6. Intuitive Limits and Continuity
To review: A function \(f(x)\) is continuous at \(x=a\) if: \[ \lim_{x\to a}f(x)=f(a) \] In more detail, the limit from the left, the limit from the right and the value at \(x=a\) all exist and are all equal. We frequently say “You can draw the graph and not pick up your pencil as you pass through \(x=a\).” More generally:
d. Continuity on an Interval
We say \(f(x)\) is continuous on the closed interval
\([a,b]\) if it is continuous at \(x=c\) for all \(c\in(a,b)\),
right continuous at \(x=a\) and left continuous at \(x=b\).
In formulas:
\[\begin{aligned}
\lim_{x\to c}f(x)&=f(c)
\quad \text{for all} \quad c\in(a,b) \\
\lim_{x\to a^+}f(x)&=f(a)
\quad \text{and} \quad
\lim_{x\to b^-}f(x)&=f(b)
\end{aligned}\]
We frequently say “You can draw the graph without picking up your
pencil anywhere in the interval \([a,b]\).”
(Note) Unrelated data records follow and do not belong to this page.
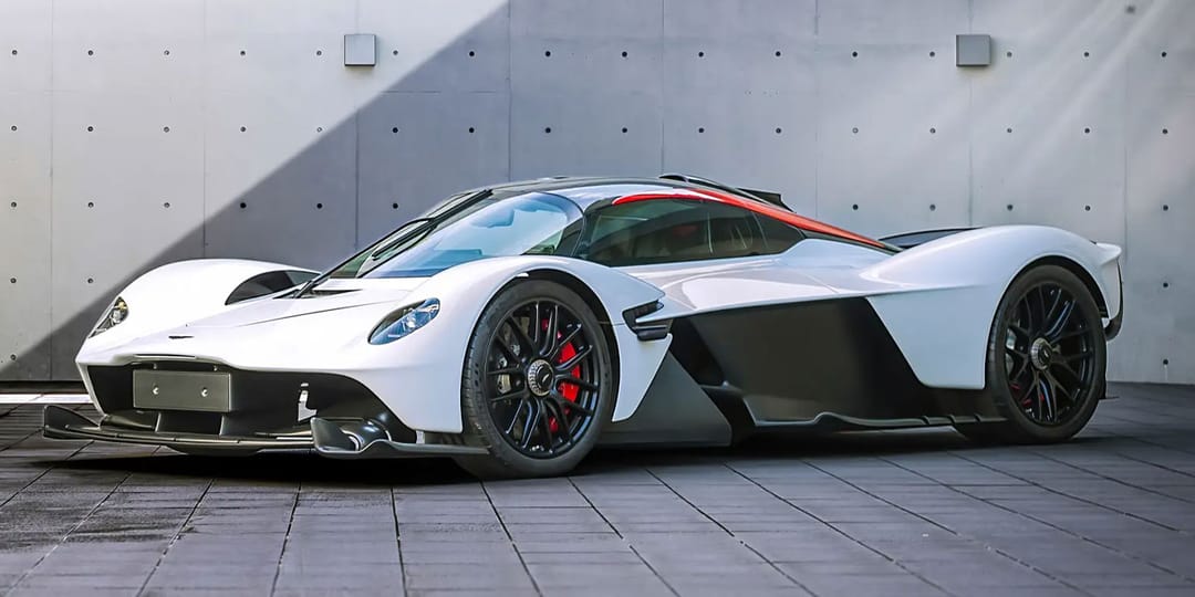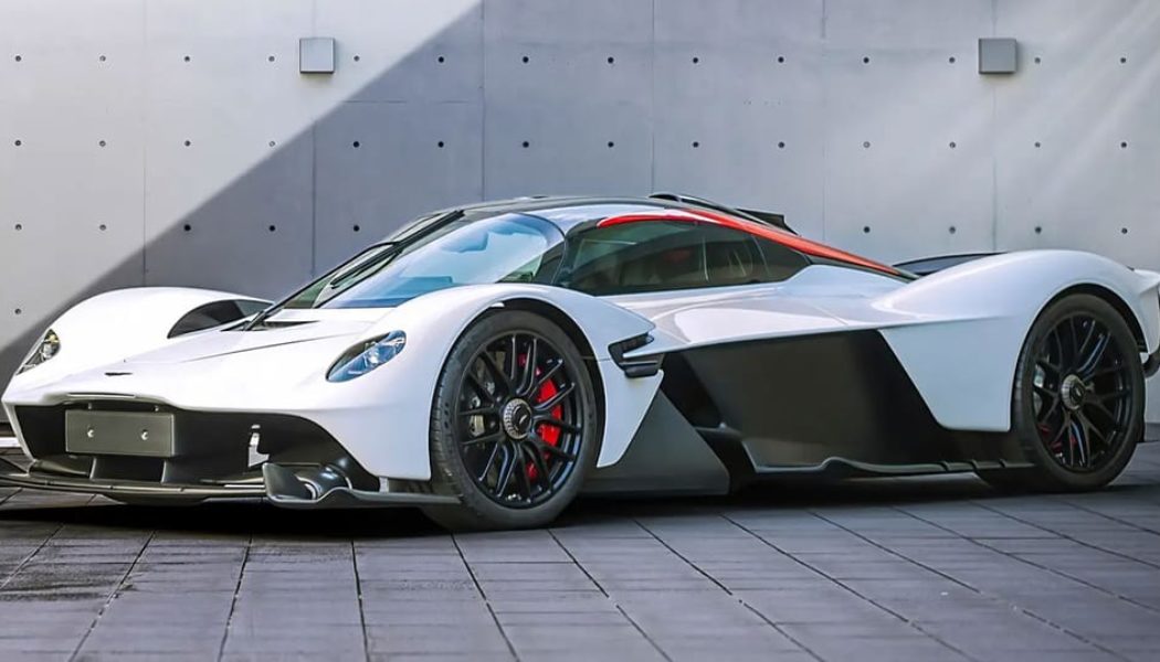 The Valkyrie is finished in Lunar White with striking red graphic accents, a gloss carbon roof and a Pure Black Alcantara interior featuring bold Spicy Red stitching. Under its futuristic design lies a Cosworth V-12 engine, assisted by an electric motor, generating an impressive 1,160 hp. This powertrain enables the car to reach 60 mph in just 2.6 seconds, with a top speed exceeding 250 mph.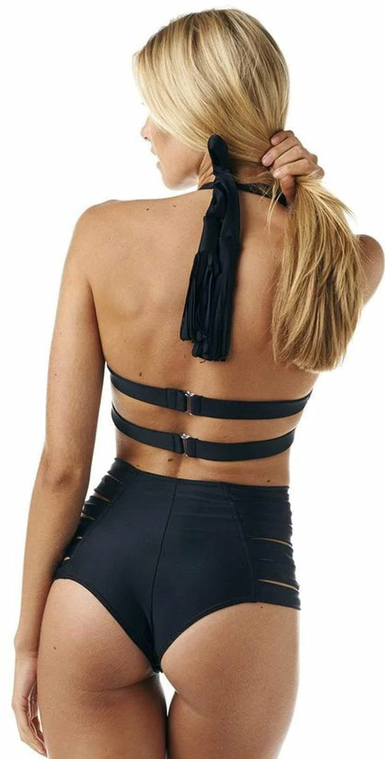The Montce Dunes Monokini in Black is a sexy swimsuit with cutout details throughout the torso, hips and back and at the center bust. The back features a double hook closure for added support and the Brazilian cut bottom offers very cheeky coverage.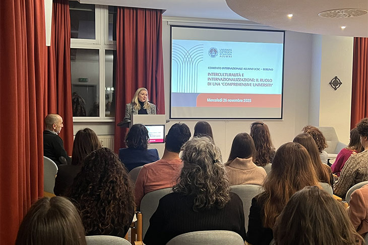 A Berlino il terzo dei tre incontri all’estero per presentare a laureate e laureati i principi guida della vision del nuovo Piano Strategico 2026-2028 dell’Università Cattolica, in occasione del primo anno di attività del Comitato Internazionale Alumni UCSC - Berlino.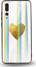 Mojworld Etui na Huawei P20 Pro - Rainbow Case - White marble golden heart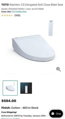 TOTO Washlet + C5 Elongated Soft Close Bidet Seat Model: SW3084T40#01$335Park Ridge, IL

Similar definitions hold for open or half open intervals.
The Limit Laws (discussed intuitively in the next chapter on Computing Limits and precisely in the subsequent chapter on Precise Limits) imply that all functions constructed using addition, subtraction, multiplication, division, exponentiation, root and logarithm are continuous provided all denominators are non-zero and all exponentiations, roots and logarithms are defined. Consequently, all polynomials and rational functions (ratios of polynomials) are continuous on their domains. Further, all trig and inverse trig functions are continuous on their domains and all compositions of continuous functions are continuous. We will make this rigorous in the chapter on Precise Limits and Continuity.
Determine all points where the function \(g(x)=\dfrac{1}{\sqrt{4-x^2}}\) is continuous.
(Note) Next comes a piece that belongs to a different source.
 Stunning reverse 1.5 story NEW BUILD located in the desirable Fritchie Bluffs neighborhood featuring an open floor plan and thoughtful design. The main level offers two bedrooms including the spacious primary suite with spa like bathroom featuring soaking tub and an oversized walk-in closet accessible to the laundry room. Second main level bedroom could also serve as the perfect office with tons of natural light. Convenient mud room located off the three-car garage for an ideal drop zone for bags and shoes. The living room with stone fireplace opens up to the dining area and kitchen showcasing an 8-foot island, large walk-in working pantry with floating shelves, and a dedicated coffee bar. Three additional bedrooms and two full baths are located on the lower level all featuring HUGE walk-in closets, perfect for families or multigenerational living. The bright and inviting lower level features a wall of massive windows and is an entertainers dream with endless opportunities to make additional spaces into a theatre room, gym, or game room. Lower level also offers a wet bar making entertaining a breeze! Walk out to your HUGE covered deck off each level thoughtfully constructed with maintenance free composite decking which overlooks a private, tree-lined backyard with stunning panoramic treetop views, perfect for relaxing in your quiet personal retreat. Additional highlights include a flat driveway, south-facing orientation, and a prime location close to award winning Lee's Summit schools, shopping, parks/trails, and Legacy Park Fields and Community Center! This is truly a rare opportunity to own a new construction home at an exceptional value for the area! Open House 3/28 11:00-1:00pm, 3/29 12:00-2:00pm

The function is continuous wherever the square root is defined and the denominator is non-zero. The square root is defined when \(4-x^2 \ge 0\) or when \(x^2 \le 4\) or \(|x| \le 2\). However, the denominator is zero when \(4-x^2=0\) or \(x=\pm2\). So \(g(x)\) is continuous on the open interval \(|x| \lt 2\) or \((-2,2)\) or \(-2 \lt x \lt 2\).
Find all points where the function \(f(x)=\dfrac{1}{\sqrt{x-2}}-\sqrt{4-x}\) is continuous.
The function is continuous when both square roots are defined and the first denominator is non-zero.
\(\displaystyle f(x)\) is continuous on the half-open interval \((2,4]\).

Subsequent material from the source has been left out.